> _EXERCISE INSTRUCTIONS_: Begin at the line below that has "your own way! |". Stop after the line that has "Снять с огня, остудить, добавить", repeating each line exactly and leaving out the pictures.

> _DATA EXCERPTS_:
———

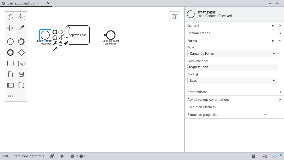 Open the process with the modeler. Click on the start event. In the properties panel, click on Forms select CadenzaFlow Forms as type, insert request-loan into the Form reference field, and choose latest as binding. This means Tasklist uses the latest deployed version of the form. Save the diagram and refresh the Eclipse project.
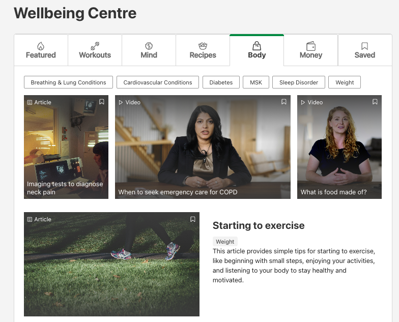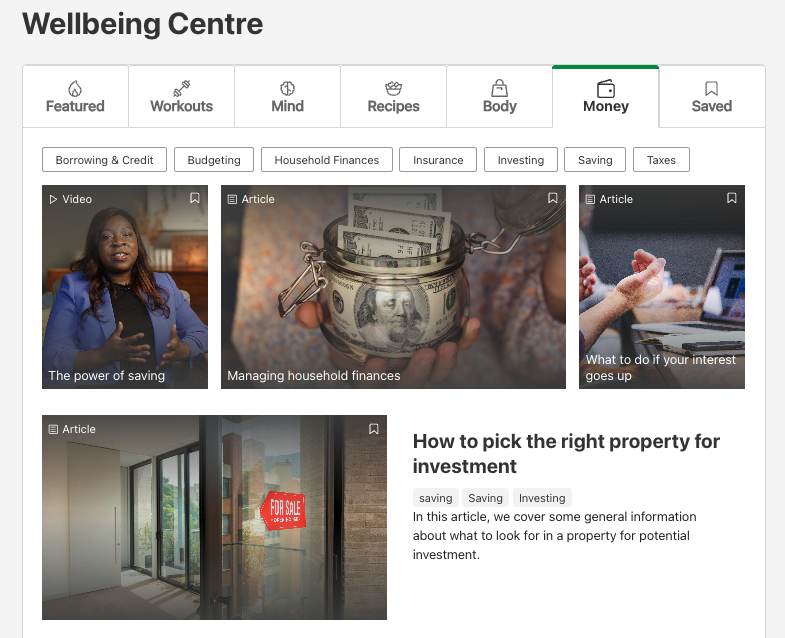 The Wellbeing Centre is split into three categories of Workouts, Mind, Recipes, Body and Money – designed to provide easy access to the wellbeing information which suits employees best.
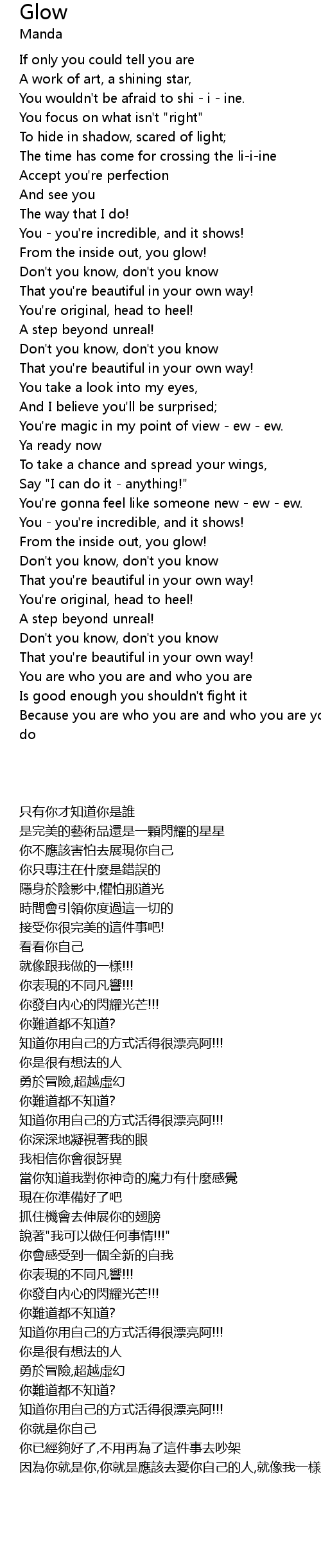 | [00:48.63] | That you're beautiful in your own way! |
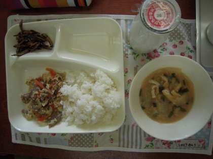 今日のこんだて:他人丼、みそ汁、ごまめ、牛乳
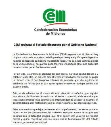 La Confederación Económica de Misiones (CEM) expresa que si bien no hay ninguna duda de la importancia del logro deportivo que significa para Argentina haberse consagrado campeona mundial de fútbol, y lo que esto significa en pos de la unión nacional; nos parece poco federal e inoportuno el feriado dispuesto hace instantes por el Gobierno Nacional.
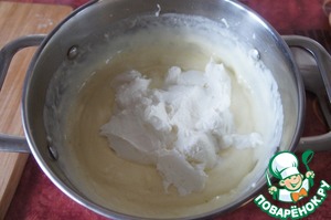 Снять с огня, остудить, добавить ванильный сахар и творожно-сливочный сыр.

———

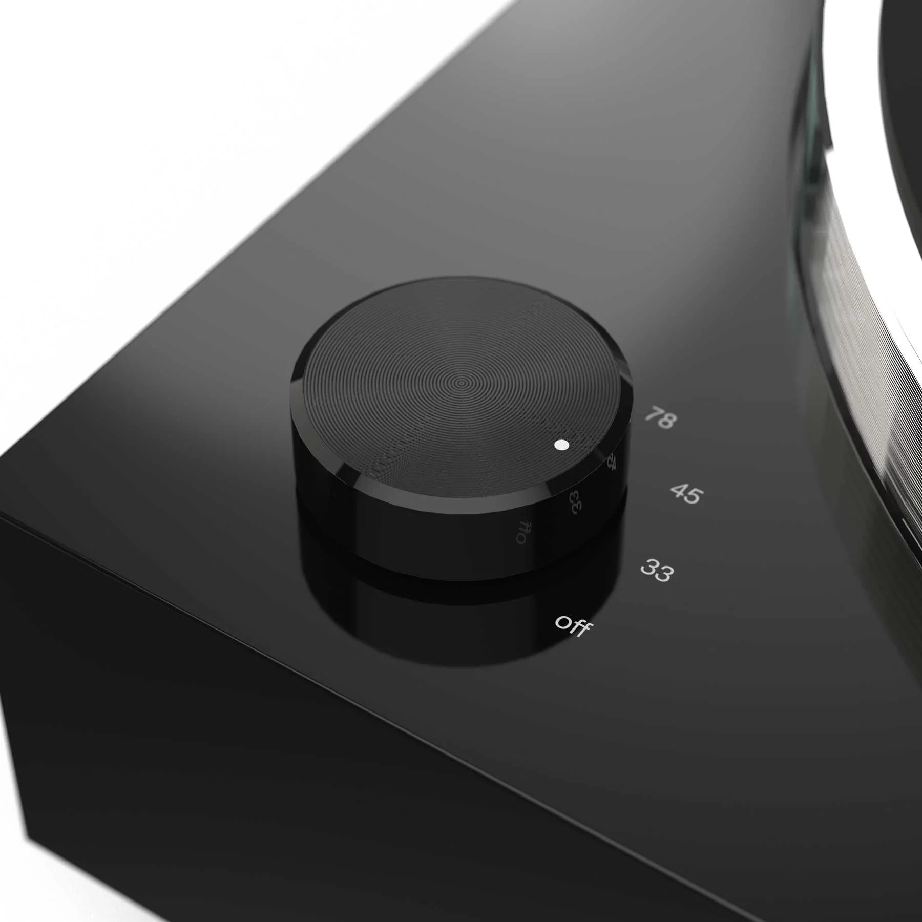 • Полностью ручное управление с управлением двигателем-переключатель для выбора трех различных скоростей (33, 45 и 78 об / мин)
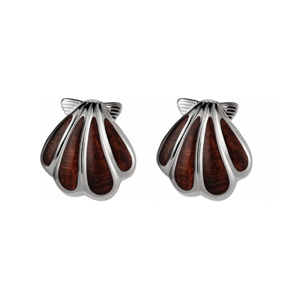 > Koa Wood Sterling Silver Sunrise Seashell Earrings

———

> _EXERCISE RESULT_:
 | [00:48.63] | That you're beautiful in your own way! |
 今日のこんだて:他人丼、みそ汁、ごまめ、牛乳
 La Confederación Económica de Misiones (CEM) expresa que si bien no hay ninguna duda de la importancia del logro deportivo que significa para Argentina haberse consagrado campeona mundial de fútbol, y lo que esto significa en pos de la unión nacional; nos parece poco federal e inoportuno el feriado dispuesto hace instantes por el Gobierno Nacional.
 Снять с огня, остудить, добавить ванильный сахар и творожно-сливочный сыр.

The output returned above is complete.